» Source data:
»»
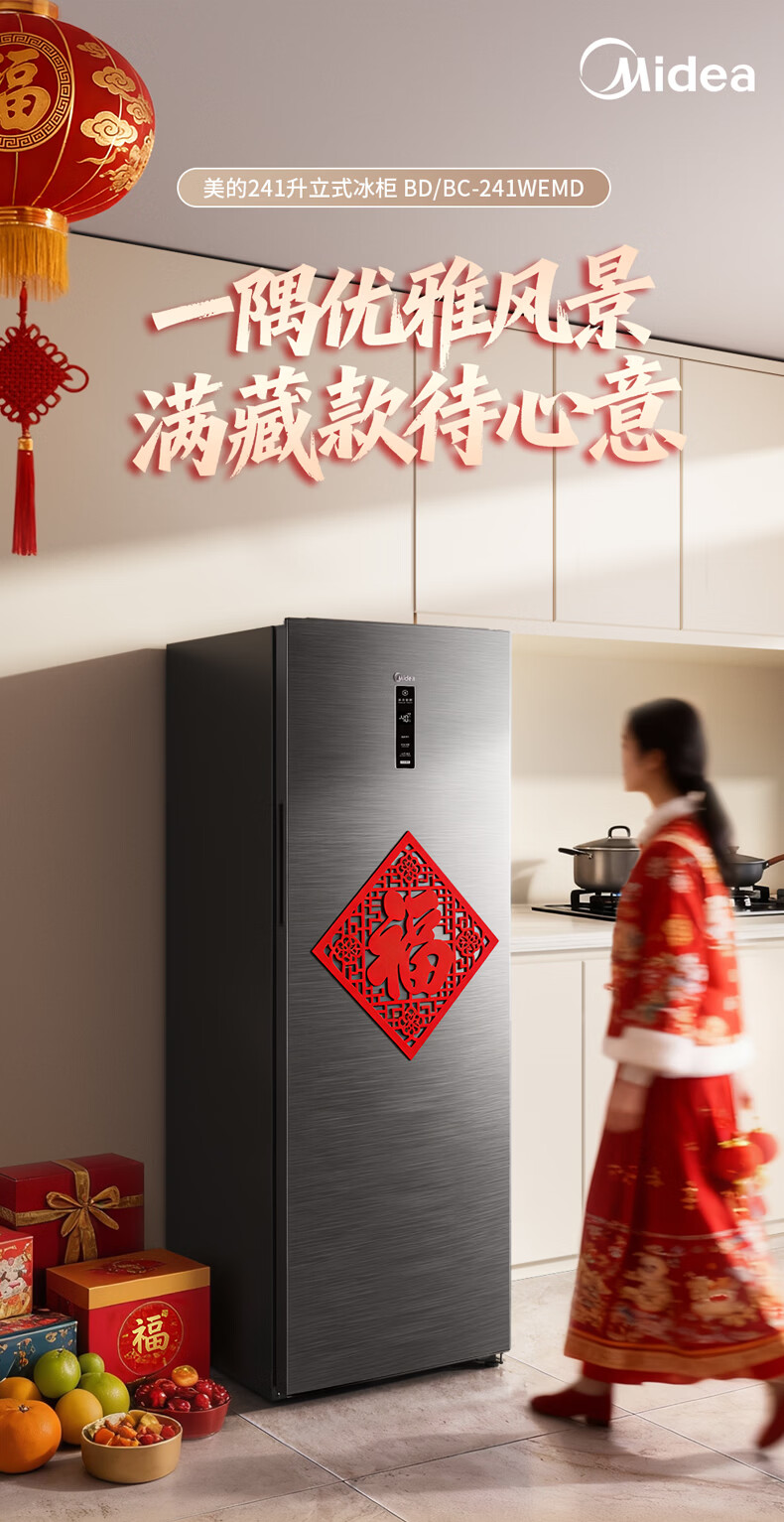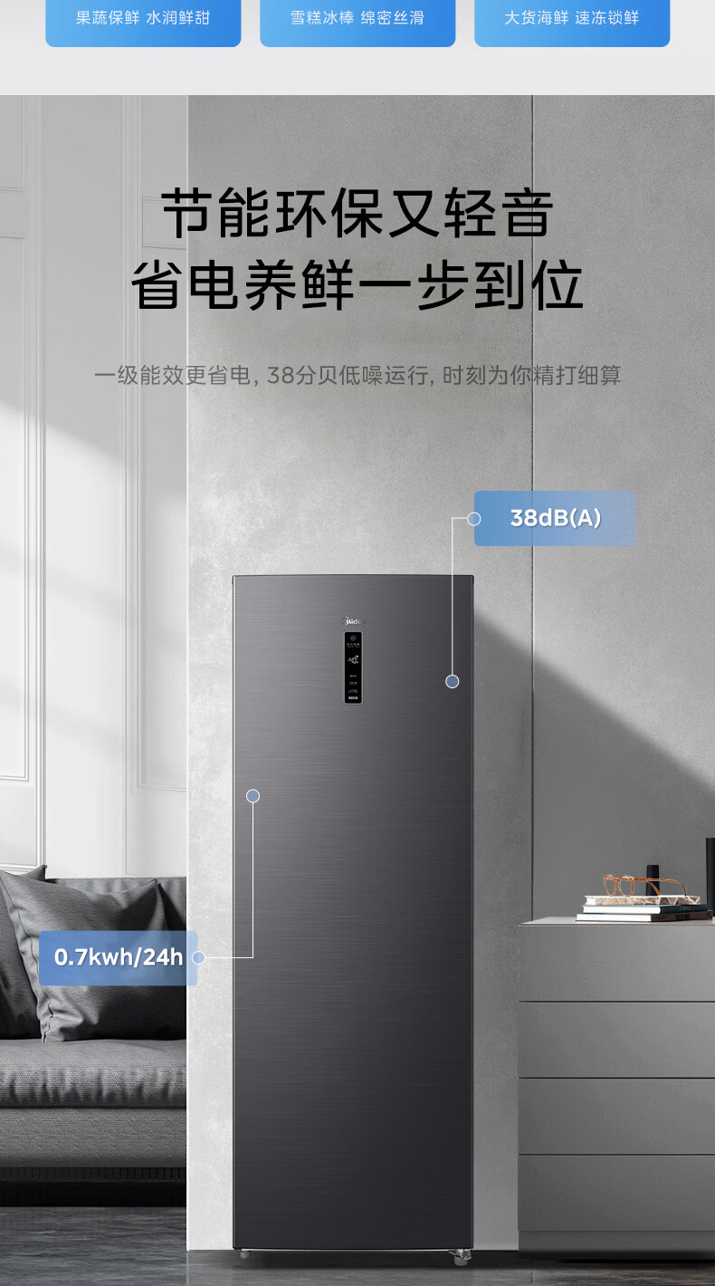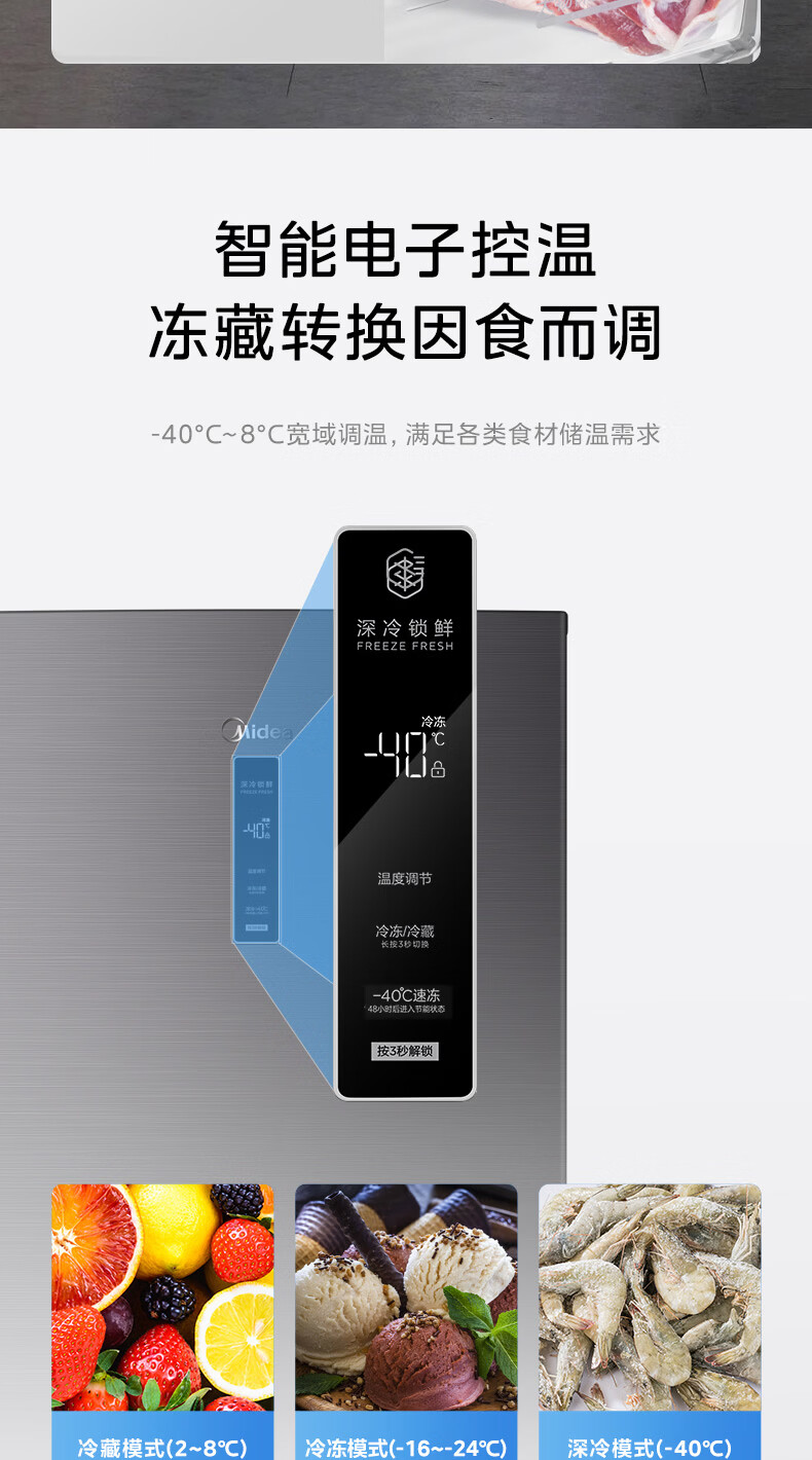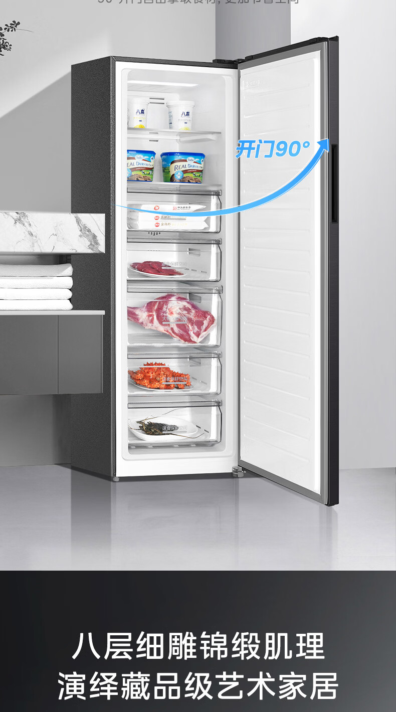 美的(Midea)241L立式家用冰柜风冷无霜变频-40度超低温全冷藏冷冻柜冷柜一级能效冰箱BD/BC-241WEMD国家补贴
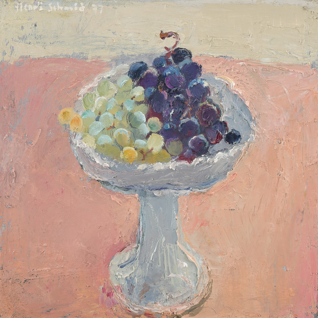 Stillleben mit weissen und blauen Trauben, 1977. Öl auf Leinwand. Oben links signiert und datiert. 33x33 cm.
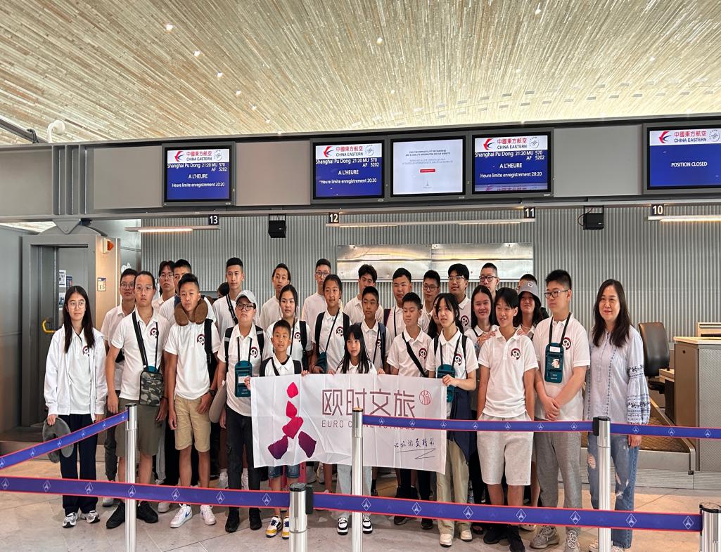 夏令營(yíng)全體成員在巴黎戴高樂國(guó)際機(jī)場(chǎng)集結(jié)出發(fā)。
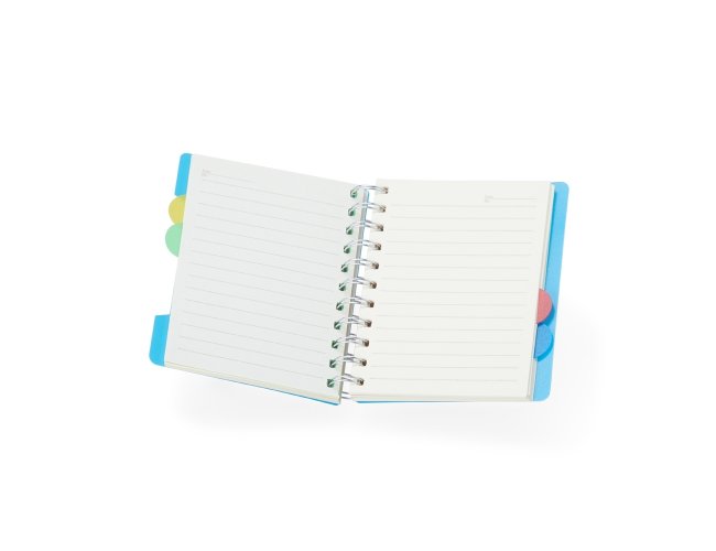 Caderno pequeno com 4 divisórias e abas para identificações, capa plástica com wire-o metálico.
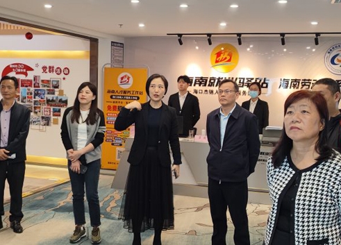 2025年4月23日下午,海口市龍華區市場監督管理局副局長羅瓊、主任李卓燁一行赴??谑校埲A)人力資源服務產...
««
» Try it:
Your output should be only the lines from the line with "Caderno pequeno com" through the end of the data, exactly as they stand, and no pictures.

» Final answer:
 Caderno pequeno com 4 divisórias e abas para identificações, capa plástica com wire-o metálico.
 2025年4月23日下午,海口市龍華區市場監督管理局副局長羅瓊、主任李卓燁一行赴??谑校埲A)人力資源服務產...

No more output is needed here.